Arm is a widely known player in the semiconductor industry. For decades, the company has designed its instruction set architecture and licensed it to companies that develop chips based on it. Among the Arm’s clients are tech giants, including Nvidia, Alphabet, and others.
However, following the unveiling of its first in-house chip on March 24, Arm is no longer solely a supplier but is also emerging as a partial competitor to these companies.
According to its CFO, the new CPU release is expected to benefit all parties: it will provide partners with greater choice, expand the market by attracting customers who didn’t find the license model suitable, and for Arm, it would create a new growth opportunity.
The shares initially declined on Wednesday on the news before rallying sharply following the announcement of financial targets. The 16% jump — comparable to moves seen in top stock gainers — shows that the market values clear numbers over broad vision.
Over the next five years, the company aims to reach $25 billion in total sales, with $15 billion projected from the new chip segment and the remaining $10 billion from its current IP licensing operation. Compared to the $4 billion generated in fiscal 2025, the anticipated figure is impressive. Earnings per share are expected to reach $9 by 2031.
Mass production of the chip, known as the Arm AGI CPU and designed for AI inference in data centers, is scheduled for later this year. Meta — which was involved in its development — has emerged as the first customer, while giants such as OpenAI, Cloudflare, and others are also named among early adopters.

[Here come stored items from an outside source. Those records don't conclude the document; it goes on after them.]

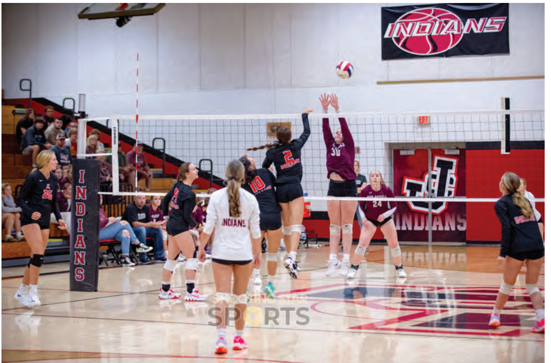
FINAL HOME MATCH for Indian Volleyball ends with 2-0 win over Sesser-Valier.

"This is one of several Road Runners I've owned,"
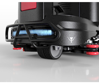
Sturdy bumper with high-visibility lights
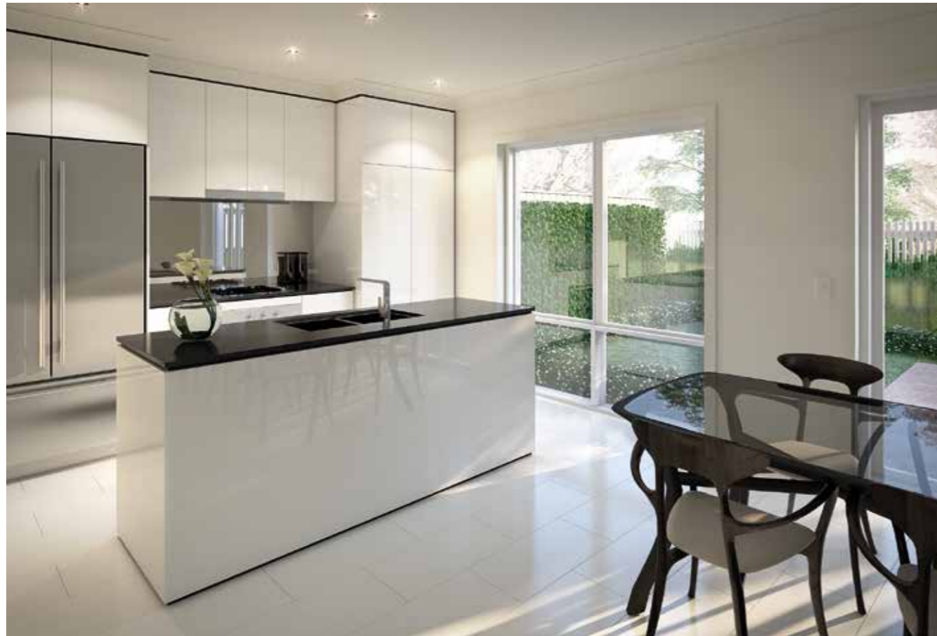
ARTIST IMPRESSION – INDICATIVE ONLY.

From the impressive main entry to the seamless flow of open plan living spaces, there is a welcoming sense of space and light that extends throughout the home to your private landscaped courtyard. Quality textures and soft neutral tones create a refined sophistication, from the rich softness of the carpet to the custom-made joinery. Select finishes, discreet storage solutions and understated colours create a contemporary canvas for your own personal style preferences.
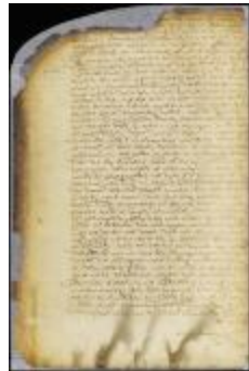
Patent of Cornelis Claesz for land on Manhattan Island (NYSA_A1880-78_VGG_0129)
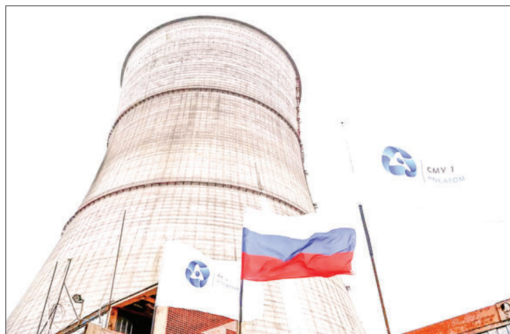
A Russian national flag and flags with the logo of Rosatom flutters at the construction site of a cooling tower at the Kursk II nuclear power plant near the village of Makarovka outside Kurchatov, Kursk region, Russia. PHOTO: MAKSIM BLINOV / SPUTNIK

The BN-1200M, equipped with a fast neutron nuclear reactor, is set to be the first of its kind in commercial installations. Director Ivan Sidorov confirmed that the construction is scheduled to begin in 2027. — SPUTNIK
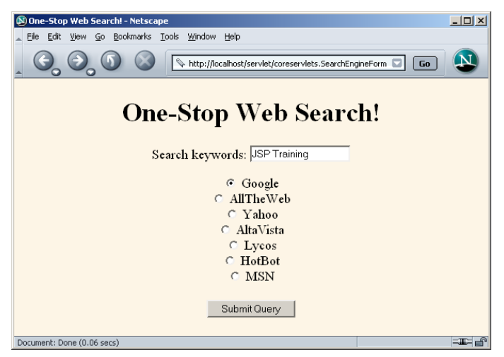
Figure 6–3 Front end to the SearchEngines servlet. See Listing 6.5 for the source code.
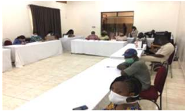
Voter Education Sensitization Forum for Persons with Disabilities and PWD Focal CSOs
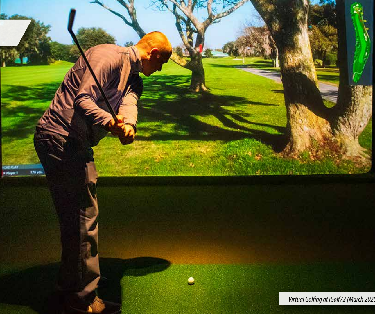
Virtual Golfing at iGolf72 (March 2020)
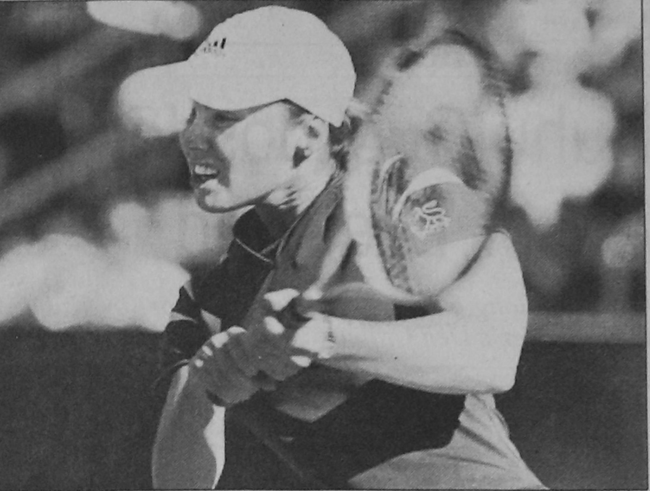
World No 1 Martina Hingis makes a backhand return against Barbara Schett of Austria during their Masters Series match on Monday.

He said Tergat had been included in the Kenyan team by virtue of his having won the national trials in Nairobi in February.
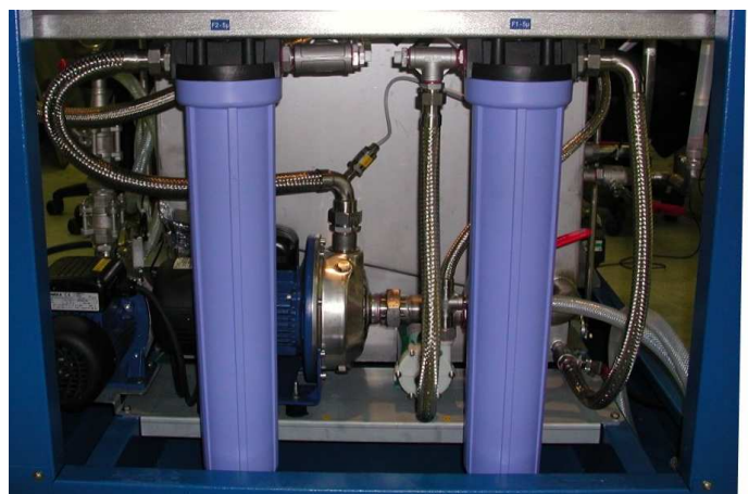
- Patented Filtration System -
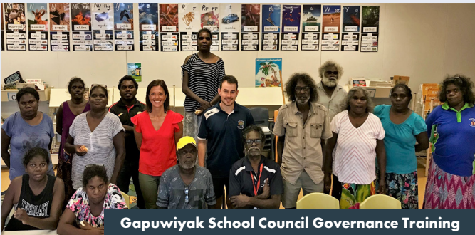
Gapuwiyak School Council Governance Training

Great things are happening at Gapuwiyak. Strong partnerships between community and schools result in strong achievements for our children. School Council Members, community members and school staff came together in Term 2 to learn more about School Council Governance.
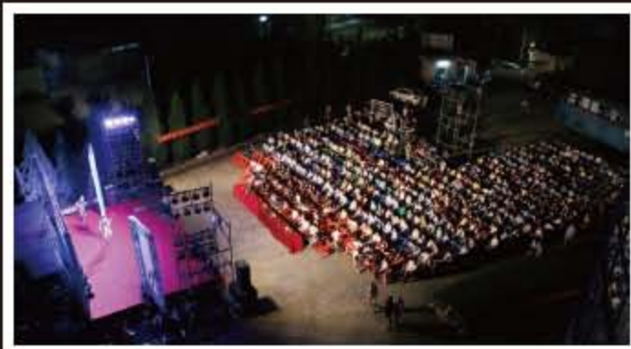
Mid Autumn Festival
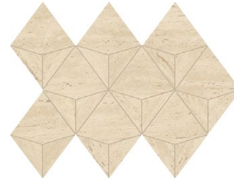
Sand 11"x16" Matte
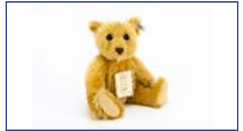
230. A Steiff limited edition 1990 British Collector's Teddy Bear 1906, 2351 of 3000, in original box with certificate £50-80
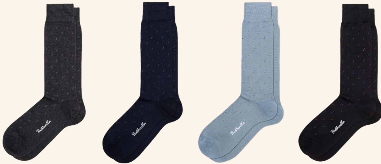
Dark Grey Mix 01
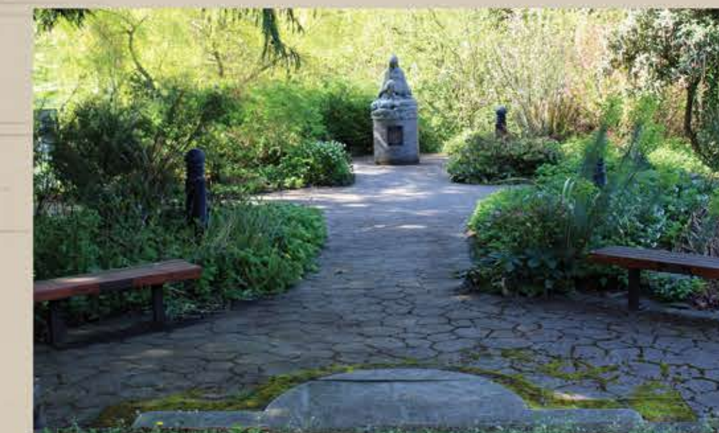
The Horspool garden looking towards Gorge Waterway (2016). Camossung public art installed in park.
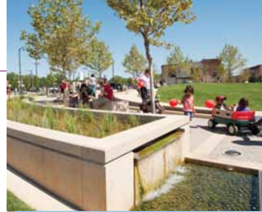
Plants filter the roundabout’s stormwater and beautify the water feature.

Normal’s multi-use roundabout is an innovative project that turned what could have been an ordinary intersection into a true amenity for the community. With a little creativity, Normal found a way to reap lasting economic, environmental, transportation, and civic benefits from its investment.
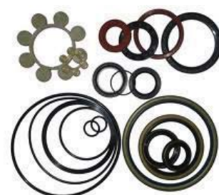
O-ring & Seals
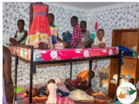
Children in their dormitory on the newly installed POA mattresses — a safe sleeping environment for the first time
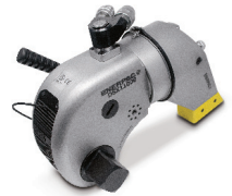
DSX-Series Torque Wrenches
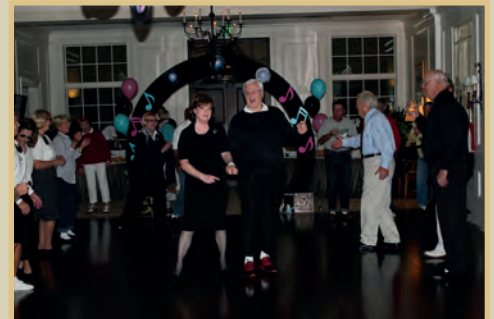
2013 Fall Gala & Auction - Sock Hop
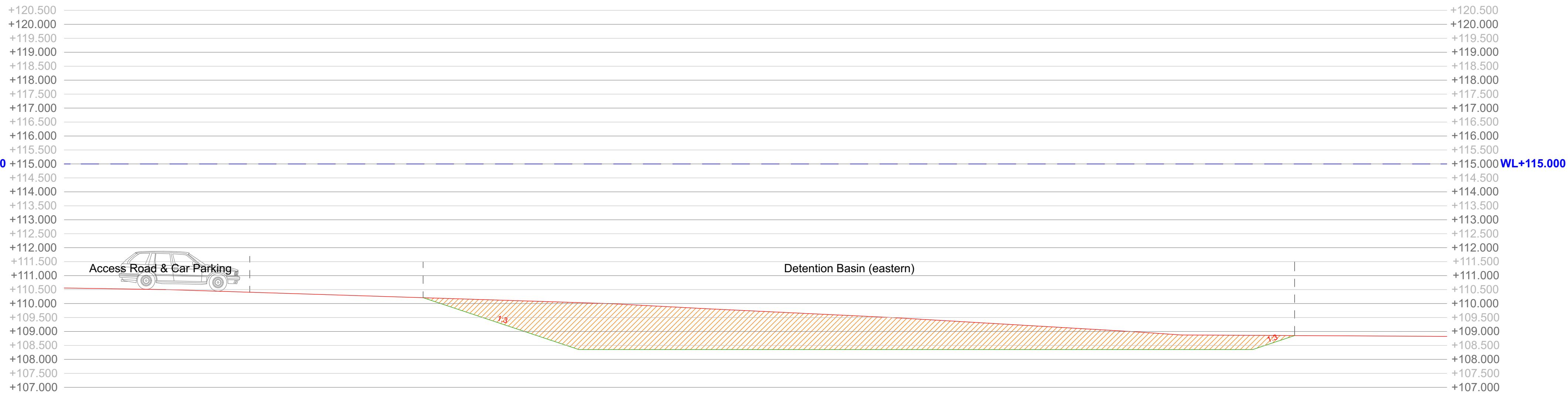
PROPOSED EASTERN DETENTION BASIN TYPICAL SECTION Scale 1:100
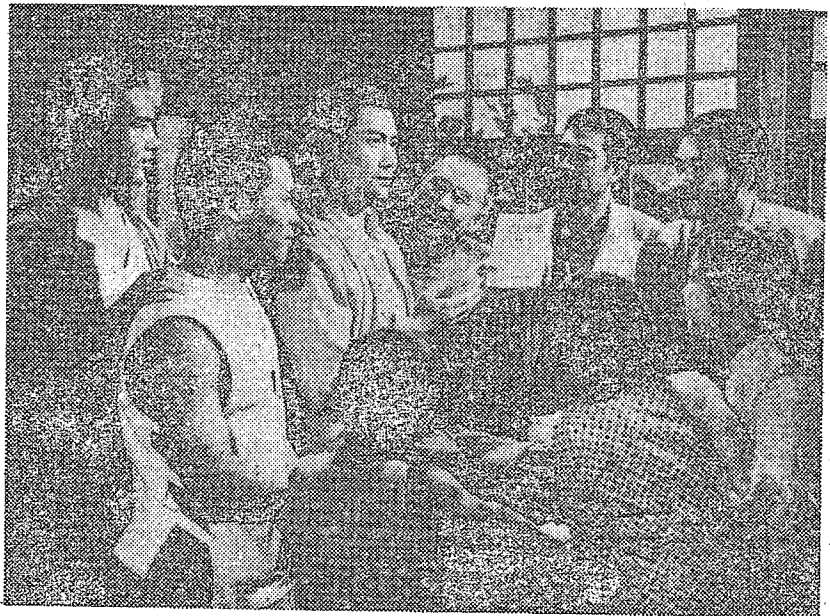
A shot from The Bright Road .

traversed by the oil workers. Undaunted in the face of the blockade imposed by imperialists and the perfidious acts of the Soviet revisionist
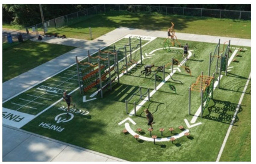
ELEVATE FITNESS COURSE® FIT-2628

Visit bciburke.com/sale to view all sale structures!
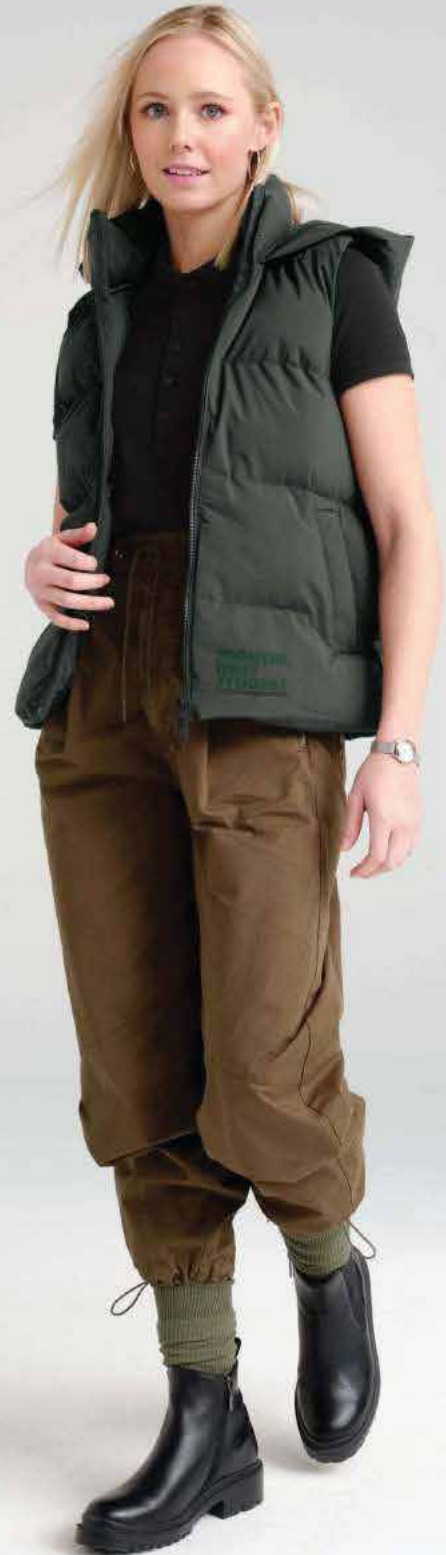
MERCER + METTLE Women's Stretch Heavyweight Pique Polo MM1001 Women's Sizes: XS-4XL | 8 colors

It is also worth noting that CPUs are gaining increased attention amid a broader industry shift. While GPUs — traditionally used to train and run AI models — have long dominated the market, the transition to agentic applications, where AI agents operate on users’ behalf, is driving renewed importance for CPUs.
Although the development of a proprietary chip was not a surprise — as Arm initiated the process back in 2023 — the market reaction was initially uncertain. For now, with its first deal signed, a strong lineup of customers, and ambitious financial targets, sentiment has turned broadly positive toward the company’s strategy. However, to secure further growth, Arm must not only meet its stated targets but also withstand market scrutiny, as Nvidia’s case shows that revenue and EPS alone are not enough.
This release marks a significant shift in the company’s business model. While it will continue expanding its licensing business, it will no longer be limited to royalties as a new revenue stream emerges. However, this transition may cause friction, given the intensified competition in the chip manufacturing industry.